Alkyne Hydration Catalyzed by 5c in MeOH

Conclusions

We have developed different procedures for the preparation of glycosyl imidazolium salts from alkyl, aryl, or β-d-galactosyl imidazole. These precursors were used to synthesize five new stable gold(I) complexes, in good yield, through the silver oxide route employing AuCl(tht) as a metal precursor. Moreover, we report the first synthesis of the C1-galactofuranoside-substituted NHC metal complex. All attempts to deprotect led to a decomposition of the complexes, obtaining a mixture of the corresponding deprotected complex and the bis-carbene species.

Catalytic studies indicate that the synthesized protected complexes are active and reusable in the alkyne hydration reaction using MeOH with a stoichiometric amount of pure H2O at 100 °C. However, attempts to deprotect the acetylated carbohydrate moiety in situ were unsuccessful. The synthesis of new complexes with other transition metals and the incorporation of sugars in the NHC structure are currently in progress in our laboratories.

Experimental Section

General Procedures

The solvents used were distilled-dried and stored according to standard procedures.[38] Unless otherwise stated, reagents were obtained from commercial sources and were used as received. α-d-Galactopyranosyl bromide[39] and β-d-galactofuranosyl bromide[40] were prepared according to the literature procedures and were used without further purification. 1-Mesitylimidazole[41] and AuCl(tht)[28] were prepared according to reported procedures. 1H, 13C NMR, and two-dimensional (2D) (1H COSY and HSQC) spectra were recorded with a Bruker Advance 300 spectrometer. Chemical shifts (δ) are reported in ppm with the residual solvent resonance signal: δ H/C 7.27:77.2 for CDCl3; δ H 4.79 for D2O; and δ H/C for CD3OD 4.87/49; coupling constants (J) are reported in hertz. Melting points were determined on a Reichert–Kofler hot-stage microscope and were uncorrected. UV–visible spectra were recorded in a Carey 60 version 2.0 instrument with a quartz 5 mL cell. Microanalytical data were obtained using an Exeter Analitycal Inc. CE-440 microanalyzer. Infrared spectra were collected on an FTIR spectrometer Nicolet Nexus-470. Alkyne hydration reaction mixtures were analyzed by gas-liquid chromatography (GLC) in an instrument equipped with a flame-ionization detector and a HP5 capillary column (30 m × 0.25 mm × 0.25 μm).
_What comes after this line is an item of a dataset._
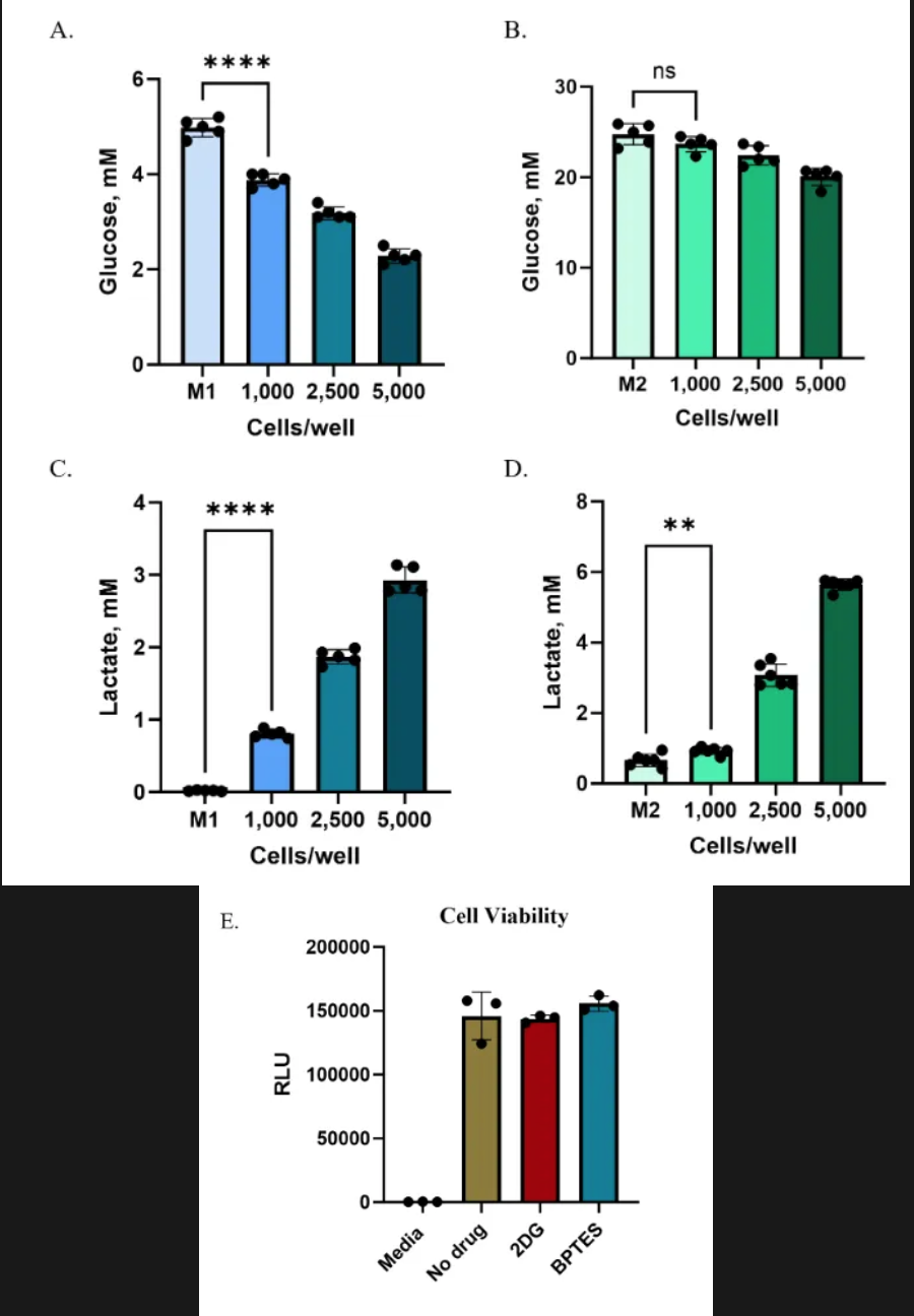 为确认代谢物水平的变化反映的是通路抑制而非细胞毒性,我们使用RealTime-Glo™ MT细胞活力检测系统测量了细胞活力。处理过的球状体的发光信号与未处理的对照组相当,表明2DG和BPTES在这些条件下没有毒性(图5E)。

Route A: General Procedure for the Preparation of Imidazolium Salts from Alkyl or Aryl Imidazole

In a 25 mL round-bottom flask equipped with a nitrogen inlet and a magnetic stirrer loaded with d-galactosyl bromide (1 mmol) and dry CH3CN (9 mL) was added the imidazole precursor (1 mmol). The mixture was stirred at room temperature for 72 h and then concentrated in vacuum. The residue was dissolved in CH2Cl2 (20 mL) and washed with a 10% citric acid aqueous solution (5 mL). It was purified by flash chromatography on silica gel (CH2Cl2/MeOH 94:6) and concentrated in vacuum to give the desired imidazolium salt.
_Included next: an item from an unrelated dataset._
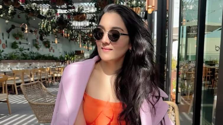 This modern look of Tina Ahuja in an embroidered jacket style dress looks quite attractive. Open hair and nude makeup further highlight their confident personality. This picture shows his Western fashion sense well.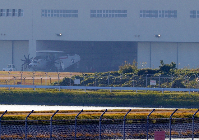 米海軍艦載機 E-2D アドヴァンスド・ホークアイ 早期警戒機(岩国基地)、604番機です。13時30分に着陸したということです。 |

1-Methyl-3-(2,3,4,6-tetra-O-acetyl-d-β-galactopyranosyl)imidazolium Bromide (1a)

Prepared from 2,3,4,6-tetra-O-acetyl-α-d-galactopyranosyl bromide and 1-methylimidazole. The imidazolium salt 1a was obtained in a 60% yield as a colorless foam; Rf = 0.72 (CH2Cl2/MeOH 9:1). 1H NMR (300 MHz, CDCl3) δ 10.85 (br s, 1H, H2Imi); 7.57 (br s; 1H, H4Imi); 7.39 (br s, 1H, H5Imi); 6.47 (s, J = 6.7 Hz, 1H, H1); 5.56 (br s, 1H, H4); 5.38–5.36 (m, 2H, H2,3); 4.50 (t, J = 6.3 Hz, 1H, H5); 4.22–4.09 (m, 5H, H6, CH3N); 2.19, 2.10, 2.05, 1.98 (4s, 12H, CH3CO). 13C NMR (75 MHz, CDCl3) δ 170.5, 170.4, 169.8, 169.4 (CO); 138.4 (C2Imi); 123.8 (C4Imi); 119.6 (C5Imi); 84.6 (C1); 74.4 (C5); 70.5 (C3); 68.2 (C2); 67.1 (C4); 61.1 (C6); 37.6 (CH3N); 21.1, 20.9, 20.8, 20.5 (CH3CO). FTIR (neat): 3162.3; 3101.0; 1748.5; 1643.5; 1578.0; 1552.3; 1437.9; 1360.3; 1221.3; 1057.9; 956.3; 914.9. Elemental analysis calcd for C18H25BrN2O9: C 43.83, H 5.11, N 5.68; found C 43.80, H 5.09, N 5.70.

1-Mesityl-3-(2,3,4,6-tetra-O-acetyl-α/β-d-galactopyranosyl)imidazolium Bromide (1c)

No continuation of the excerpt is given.